Эванджелина провела беспокойную ночь у постели мужа, обдумывая то, что сказала леди Хауэлл. На следующее утро Эллиот достаточно окреп, чтобы сесть в постели, опираясь спиной на подушки, выпить немного бульона и побеседовать в течение четверти часа один на один с Джералдом Уилсоном.

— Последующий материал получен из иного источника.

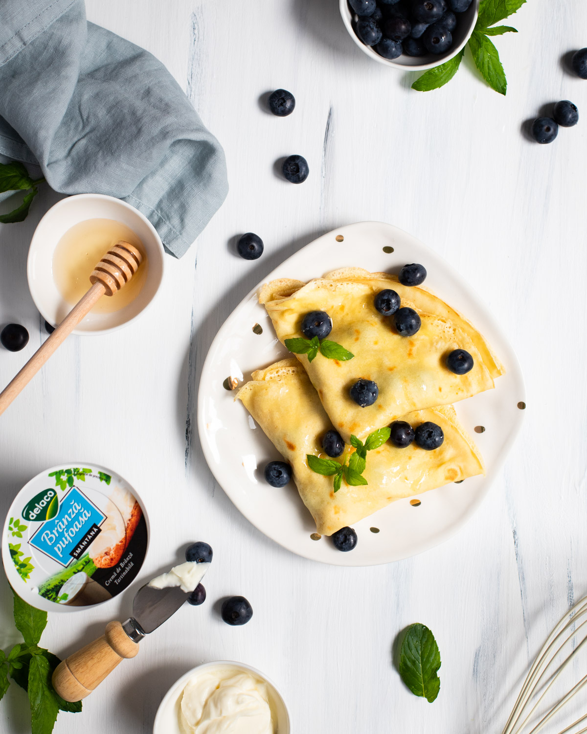 Clasicele clătite pot fi un desert special dacă te joci puțin cu umplutura lor. Înlocuim dulceața sau gemul cu o cremă de brânză dulce făcută cât se poate de ușor din ingrediente simple. Cremă de brânză fină, o linguriță sau două de miere, după gust și câteva fructe proaspete. Astăzi punem afine. Sunt pline de savoare și în această perioadă se găsesc foarte ușor în market sau la piață.

Однако после полудня у него началась сильнейшая лихорадка. Его огромное тело то сотрясалось от озноба, то горело от жара. Возвратившийся Поттер покачал головой, сочувственно поцокал языком, но помочь ничем не мог. Кембл готовил чай из настоя коры и лекарственных трав. А Эванджелина, выбирая минуты относительного покоя, по капле вводила эту смесь ему в рот. Они вместе меняли компрессы и делали перевязки, потому что хирург особенно настаивал на том, чтобы рана содержалась в чистоте во избежание нагноения. Эванджелина даже спала рядом с мужем на раскладной кровати, которую приказал принести наверх Маклауд.
Эллиот метался в жару и время от времени звал Эванджелину. Потом начинался озноб, и он просил ее лечь рядом и согреть его. Эванджелина так и делала, хотя очень боялась потревожить рану. Лихорадка трепала Эллиота уже второй день. Она и Кембл чуть не падали от усталости, а Эллиот очень ослаб. На третий день она ненадолго забылась сном, а проснувшись, обнаружила, что Эллиот ее крепко обнимает. Он лежал — на боку, повернувшись к ней лицом.
— Эви? Мне показалось, что ты ушла, а я так и не успел объяснить тебе…
— Тс-с, Эллиот. Лежи спокойно. У тебя довольно долго была лихорадка, но я никуда не ушла.
Эллиот с озадаченным видом потер щетину на подбородке. Губы его тронула слабая улыбка.
— Надеюсь, ты тревожилась за меня? — По правде говоря, я была в ужасе.
— Сколько времени прошло? — робко спросил он. — Сколько времени прошло после Воксхолла?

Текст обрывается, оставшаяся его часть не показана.